Plan B: Do everything Max tells you to.
Let’s begin.

Timing is everything
This is true of all things but especially girls, girls being something I am super good at. Lots of timing is hard to get right without experience, but the key is to listen to your environment and target for cues. Don’t betray your interest too early, but don’t be a stone wall. Be excellent, be independent, be a man. Also, get the practice that will become much easier for you after reading this wisdom.

Go for it
It’s on you, the bro, holder of the family jewels, keeper of the Y-chromosome, to go for the kiss. This makes you the sexual aggressor, conqueror, quite simply it makes you the man. Women these days are both liberated and desperate, and they will do a lot for you. There are only two things left that men MUST DO or face failure, the only two things that women will never take responsibility for.
1) Call at least one time.
2) Initiate the first kiss.
IT’S JUST THAT EASY!

Get close, stay close
It’s tough to go in for a kiss, we know. Get up close and personal – if she doesn’t like you all that much, she’ll withdraw and doesn’t want to be kissed yet anyway. Yet. If she snuggles up to you, she digs you.

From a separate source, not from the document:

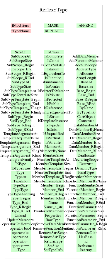 | Reflex::Type | Type(const Reflex::TypeName* typName = 0, unsigned int modifiers = 0) |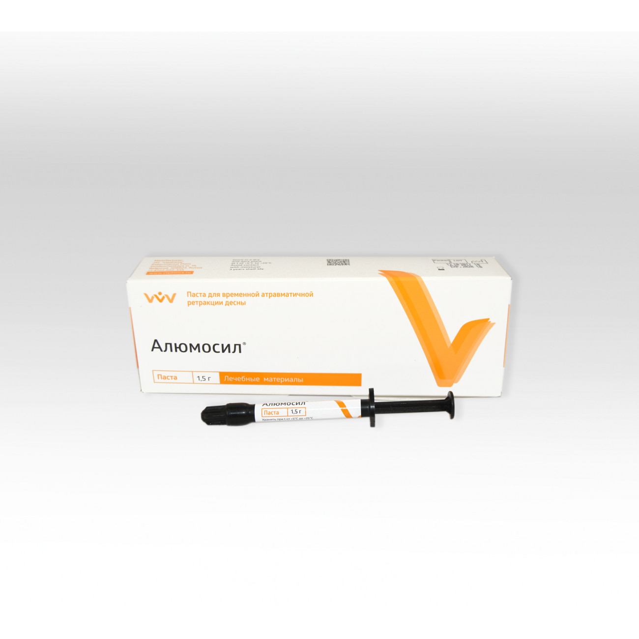 Материал «Алюмосил» представляет собой готовую к применению пасту, обладающую вяжущими и гемостатическими свойствами. Паста «Алюмосил» содержит: алюминий хлористый, определяющий вяжущее, гемостатическое и ретракционное свойства материала; инертный наполнитель, а также вкусовые и технологические добавки.

Don’t mind the silly comment
In moments of tension, many people willfully ignore the obvious or simply choose to discuss something else. You may find the conversation going in outrageously irrelevant directions as the tension builds – this is fine. There’s nothing wrong with going in for the kiss to close a conversation about the weather (it’s weathery), jellyfish (they’re gelatinous), or her collection of vintage 70s porcelain dolls (incredibly frightening). If anything, it’s a good sign. Don’t get psyched out – the body language is just that. Listen when she speaks with her body, not necessarily with your mouth. (This skill will probably serve you well if you get married)

Pace yourself
Take it slow – revel in your victory. You’ve just sexualized the relationship and are comfortably outside the friend zone (unless she’s drunk and wants to use that as an excuse later… but that’s a problem for another column). In any case, this isn’t yet the time to aggressively fingerblast her. Now? No, still too soon. Maybe the woman you’re looking for is selling sex rather than giving it away.

Use your hands
There are all sorts of things to grab and fondle while you make out. It is, after all, makeout Mondays. Before you go for the T&A grabs (and you’ll get yours, don’t worry, all in due time, PACE YOURSELF!) there are all sorts of other targets for you. Hands in the hair, brushing against the neck, around the waist… really, are there any places that are off-limits? Besides the fingerbanging, for which you’ll need to wait at least five minutes. Rather than grabbing sexual organs, just start removing clothing. You’ll be amazed at what you can get away with in this situation. Some women think it’s being aggressive to wait for a guy to come strip their clothes off. You want to be that man, right? Be the man.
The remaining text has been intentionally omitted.